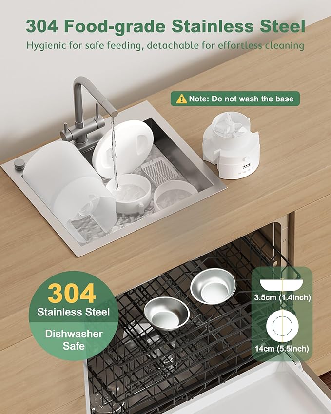 - 🐾 Safe & Hygienic Stainless Steel Bowl Cat Food Dispenser: Built with 304 grade stainless steel bowl for safe, hygienic feeding. this cat food dispenser keeps meals hygienic and easy to clean. The enclosed design with desiccant bag helps preserve kibble freshness and crispness over time, ensuring every meal is clean and nutritious.
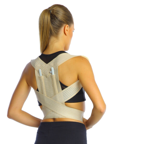 Prostotrzymacz korektor postawy MP-557 Prostotrzymacz- korektor postawy Armoline MP-557 zapewnia odpowiednie unieruchomienie obojczyków oraz zapobiega ich przemieszczaniu się. Dzięki anatomicznej konstrukcji zapewnia wygodę użytkowania. cenny przy aktywnym, codziennym treningu wspomaga prowadzenie terapii przy plecach okrągłych i zapadniętej klatce piersiowej - kifoza wspomaga mięśnie grzbietu cienki , przewiewny, elastyczny materiał przylega do ciała i nie odznacza się pod ubraniem siła odciągu barków regulowana pasami zapinanymi na rzepy dwie elastyczne stalki po obu stronach kręgosłupa dodatkowo wymuszają prawidłową postawę ściągalne podkładki z gąbki chronią przed wpijaniem się pasów elastyczne szelki należy przeciągnąć pod pachami i skrzyżować na plecach a następnie zapiąć na wysokości brzucha Zalecany przy: urazach obojczyka niewymagających interwencji chirurgicznej u osób dorosłych w dyskopatii odcinka piersiowego kręgosłupa zespołach bólowych odcinka piersiowego kręgosłupa Kolor: beż lub czarny ROZMIAR S M L XL XXL 3XL OBWÓD POD KLATKĄ PIERSIOWĄ 80/90 90/100 100/110 110/120 120/130 130/140 OBWÓD W TALII 70/80 80/90 90/100 100/110 110/120 120/130 Skład: bawełna 40%, nylon 15%, wiskoza 15%, elastan 1% Warunki przechowywania i konserwacji: Przechowywać w suchym i przewiewnym miejscu z dala od promieniowania słonecznego Prać w delikatnym detergencie
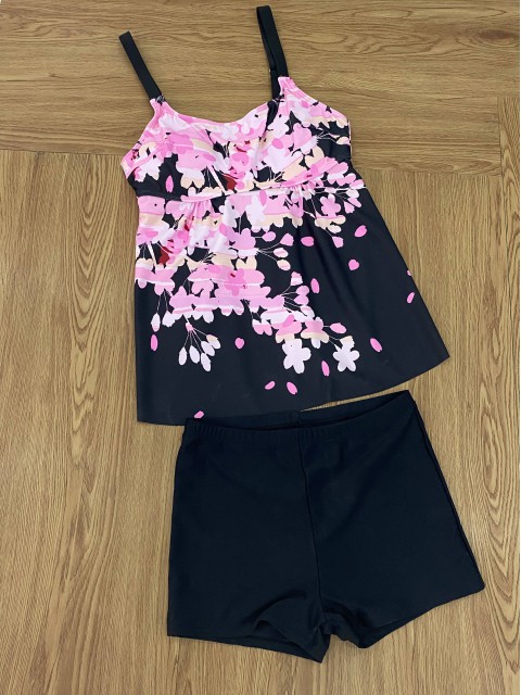 Home / Swimwear Suits  /  Floral Print Pink Wide Strap Tankini Set
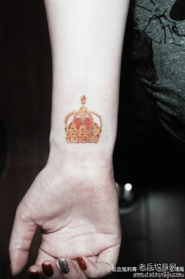 女生手腕小巧精美的皇冠纹身图案
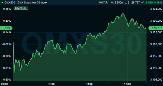 Vid 12.30—tiden hade storbolagsindexet OMXS30 stigit 0,2 procent till 3.127. Aktier för 9 miljarder kronor hade då bytt ägare på Stockholmsbörsen.
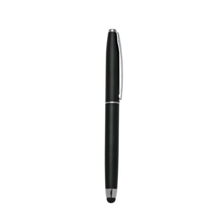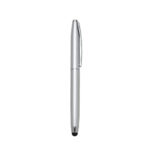 Caneta plástica touch inteira colorida, possui detalhes em prata e clipe de metal.
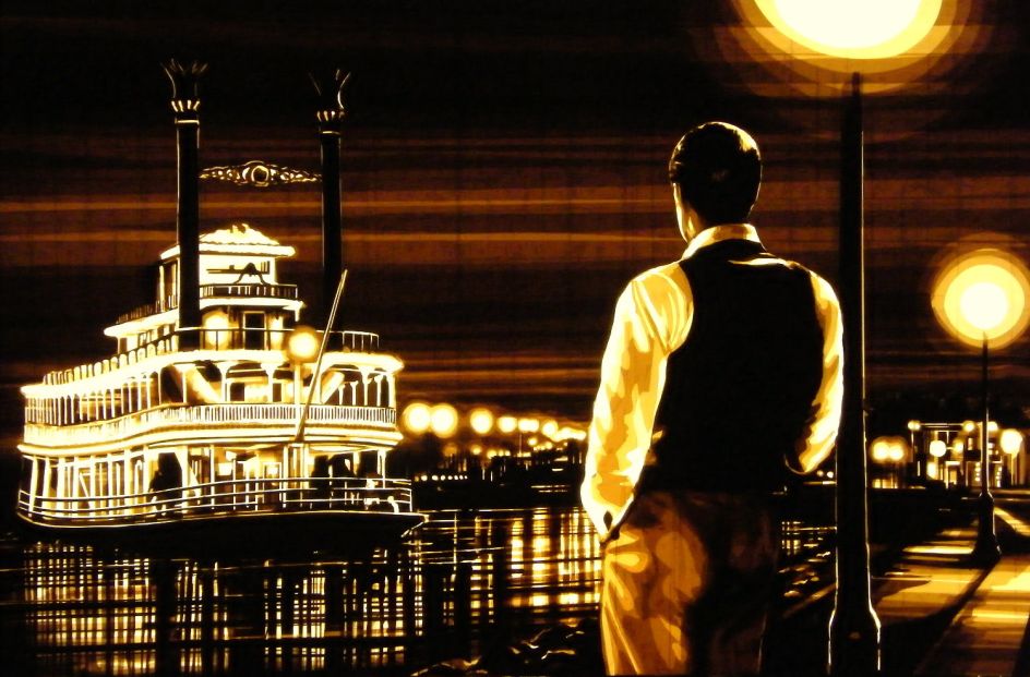 Using LED light behind the glass as a guide, he can see how his work is progressing. Talking about his process, he said: "The more layers of tape I add, the darker the shades on the artwork become. The different shades of brown allow me to shape out my scenes and portraits. I use an ordinary scalpel or X-Acto knife to cut and shape the layers of tape. The last thing I need is a lit window."
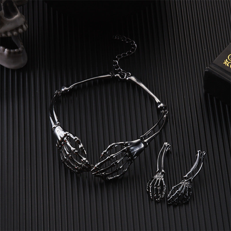 Skeleton hand choker with matching earrings
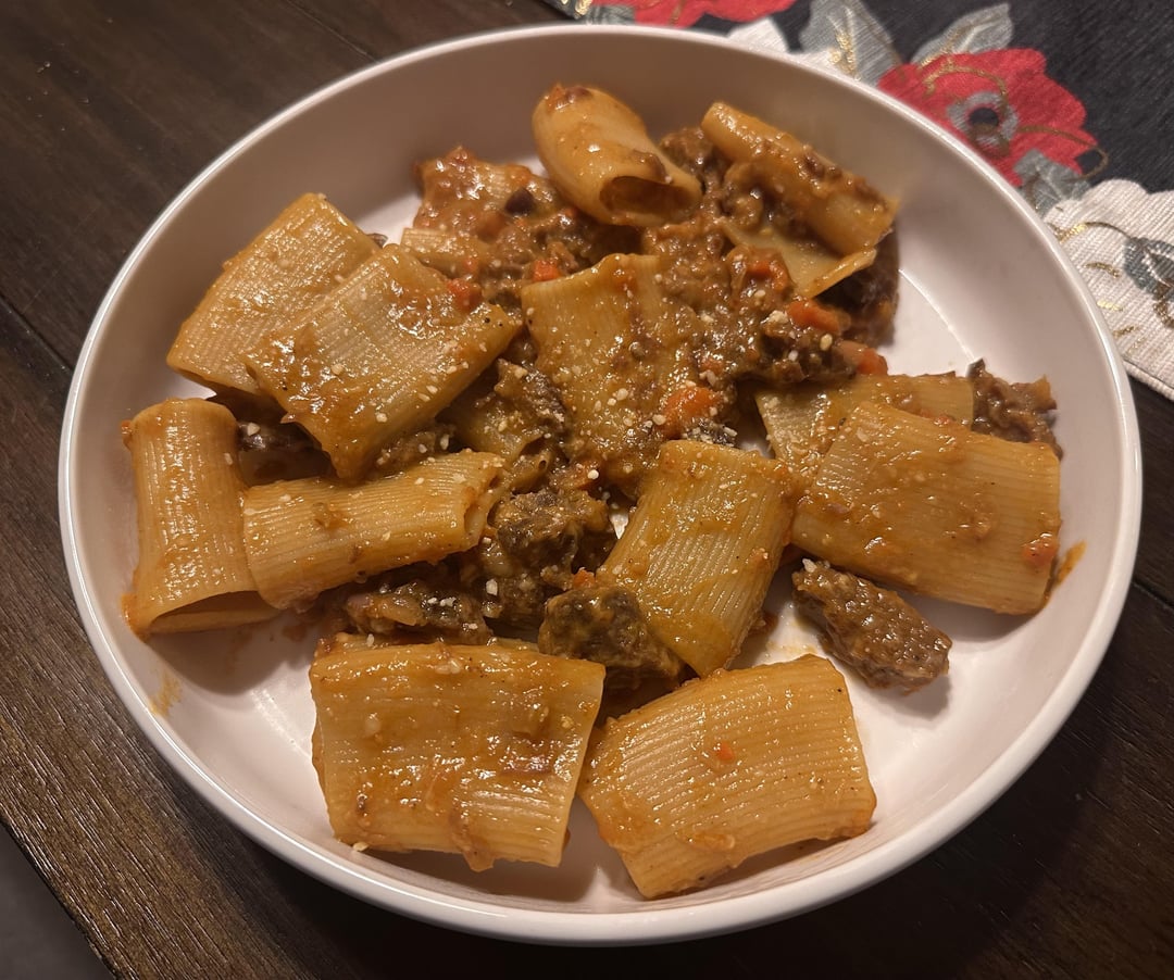 Brown chopped meat of choice on medium-high heat in a hot deep skillet. Remove. Finely dice two carrots, one yellow onion, two to three stalks celery. Add two tbsp butter to skillet and lower heat to medium. Add veggies and a generous pinch of salt. Sauté til translucent and soft. Add two tbsp tomato paste. Stir til paste darkens. Add half cup white wine. Stir till wine is mostly evaporated and thin paste remains. Lower heat to med low. Stir in two to three cups chicken or beef stock and a cup of whole milk or cream pre-whisked together (until meat is covered fully) along with two large bay leaves, a healthy amount of cracked pepper, and a shake of nutmeg. Bare simmer 2-3 hours stirring intermittently until meat is very tender and sauce has thickened.
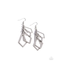 Hammered trapezoidal silver frames trickle from a dainty silver chain, cascading into an edgy geometric tassel. Earring attaches to a standard fishhook fitting.

::::::::

--- TASK TO CARRY OUT ---
Print the records again exactly, without the pictures.

--- EXERCISE RESPONSE ---
 - 🐾 Safe & Hygienic Stainless Steel Bowl Cat Food Dispenser: Built with 304 grade stainless steel bowl for safe, hygienic feeding. this cat food dispenser keeps meals hygienic and easy to clean. The enclosed design with desiccant bag helps preserve kibble freshness and crispness over time, ensuring every meal is clean and nutritious.
 Prostotrzymacz korektor postawy MP-557 Prostotrzymacz- korektor postawy Armoline MP-557 zapewnia odpowiednie unieruchomienie obojczyków oraz zapobiega ich przemieszczaniu się. Dzięki anatomicznej konstrukcji zapewnia wygodę użytkowania. cenny przy aktywnym, codziennym treningu wspomaga prowadzenie terapii przy plecach okrągłych i zapadniętej klatce piersiowej - kifoza wspomaga mięśnie grzbietu cienki , przewiewny, elastyczny materiał przylega do ciała i nie odznacza się pod ubraniem siła odciągu barków regulowana pasami zapinanymi na rzepy dwie elastyczne stalki po obu stronach kręgosłupa dodatkowo wymuszają prawidłową postawę ściągalne podkładki z gąbki chronią przed wpijaniem się pasów elastyczne szelki należy przeciągnąć pod pachami i skrzyżować na plecach a następnie zapiąć na wysokości brzucha Zalecany przy: urazach obojczyka niewymagających interwencji chirurgicznej u osób dorosłych w dyskopatii odcinka piersiowego kręgosłupa zespołach bólowych odcinka piersiowego kręgosłupa Kolor: beż lub czarny ROZMIAR S M L XL XXL 3XL OBWÓD POD KLATKĄ PIERSIOWĄ 80/90 90/100 100/110 110/120 120/130 130/140 OBWÓD W TALII 70/80 80/90 90/100 100/110 110/120 120/130 Skład: bawełna 40%, nylon 15%, wiskoza 15%, elastan 1% Warunki przechowywania i konserwacji: Przechowywać w suchym i przewiewnym miejscu z dala od promieniowania słonecznego Prać w delikatnym detergencie
 Home / Swimwear Suits  /  Floral Print Pink Wide Strap Tankini Set
 女生手腕小巧精美的皇冠纹身图案
 Vid 12.30—tiden hade storbolagsindexet OMXS30 stigit 0,2 procent till 3.127. Aktier för 9 miljarder kronor hade då bytt ägare på Stockholmsbörsen.
 Caneta plástica touch inteira colorida, possui detalhes em prata e clipe de metal.
 Using LED light behind the glass as a guide, he can see how his work is progressing. Talking about his process, he said: "The more layers of tape I add, the darker the shades on the artwork become. The different shades of brown allow me to shape out my scenes and portraits. I use an ordinary scalpel or X-Acto knife to cut and shape the layers of tape. The last thing I need is a lit window."
 Skeleton hand choker with matching earrings
 Brown chopped meat of choice on medium-high heat in a hot deep skillet. Remove. Finely dice two carrots, one yellow onion, two to three stalks celery. Add two tbsp butter to skillet and lower heat to medium. Add veggies and a generous pinch of salt. Sauté til translucent and soft. Add two tbsp tomato paste. Stir til paste darkens. Add half cup white wine. Stir till wine is mostly evaporated and thin paste remains. Lower heat to med low. Stir in two to three cups chicken or beef stock and a cup of whole milk or cream pre-whisked together (until meat is covered fully) along with two large bay leaves, a healthy amount of cracked pepper, and a shake of nutmeg. Bare simmer 2-3 hours stirring intermittently until meat is very tender and sauce has thickened.
 Hammered trapezoidal silver frames trickle from a dainty silver chain, cascading into an edgy geometric tassel. Earring attaches to a standard fishhook fitting.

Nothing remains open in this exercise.